This was an awesome display from the 26-year-old against a heavyweight two-time Grand Slam champion. Stephens has now won 10 of her last 11 matches on the Paris clay, and dropped only one set in her 2019 campaign.
“Generally I'm just very calm," she said. "Everyone has different body types and emotions and whatever you may call it, and I'm very calm.”
Most tennis sages had predicted Muguruza to assert superiority, thanks to her power game’s tendency to gather momentum on her beloved Paris clay. If her three-set tussle with American Taylor Townsend in the first round re-set her compass, surely her straight-set dispatch of No.9 seed Elina Svitolina announced she had rediscovered her imperious form?
Stephens settles
But no. The Spaniard broke serve to love in under a minute in the first game, but in the sixth game Stephens struck back to level the score and inexorably turned into a wall of resistance.
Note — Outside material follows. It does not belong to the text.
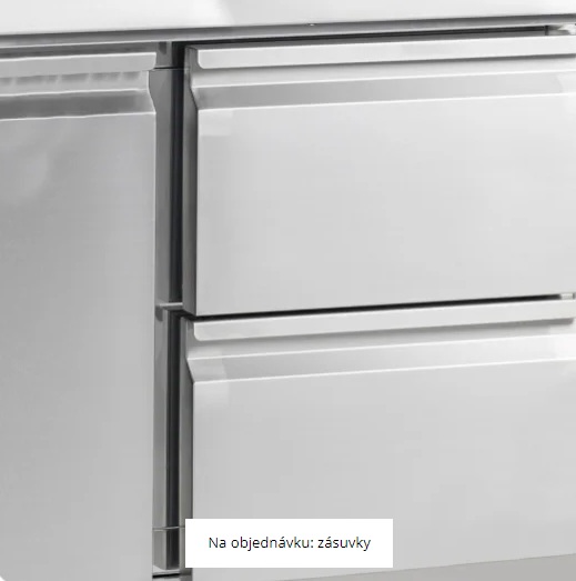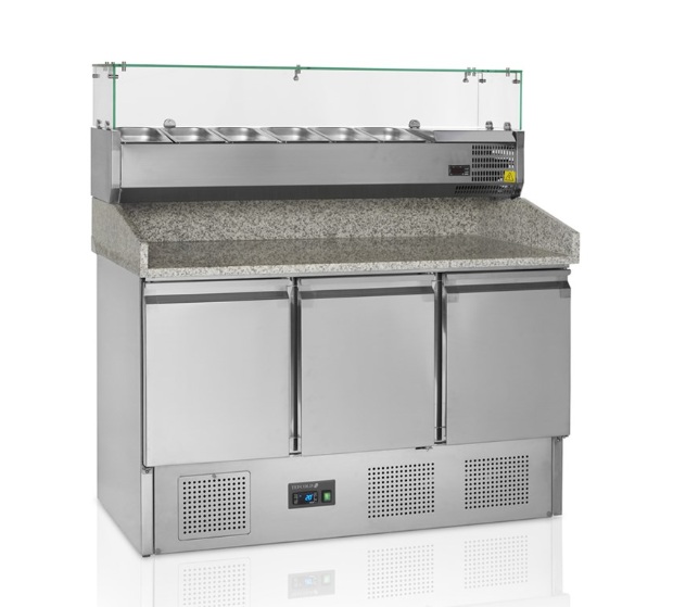 Řada PT chladicích pizza stolů je vyrobena z nerezové oceli SS304. Má žulovou desku, která je pro přípravu pizzy ideální, protože žula zůstává chladná a těsto se na ni méně lepí. Stoly jsou k dispozici v několika velikostech se 2 nebo 3 dvířky. Také je možné pořídit si přizpůsobenou variantu se zásuvkami. Dodává se s horní jednotkou pro gastronádoby GN nebo bez ní – horní jednotku lze dodatečně namontovat. Tento model, TEFCOLD PT 1365 + VK33-140, je dodáván s nástavbou.

Balls that would have penetrated the defence of many a top-10 player just kept coming back at Muguruza. The No.19 seed couldn’t rely on the net play which worked so well against Svitolina because she struggled to dictate play.
Stephen's next opponent, Konta, has beaten her twice this year, including on the clay in Rome.
Records don’t daunt the American. “I'm just going to go in with a clean slate. Really, like I said, we play a sport, so you never know what's going to happen on the day," she said.
"So I just put all of that out of my mind and just go and play a quarterfinals Grand Slam match like I know how to.”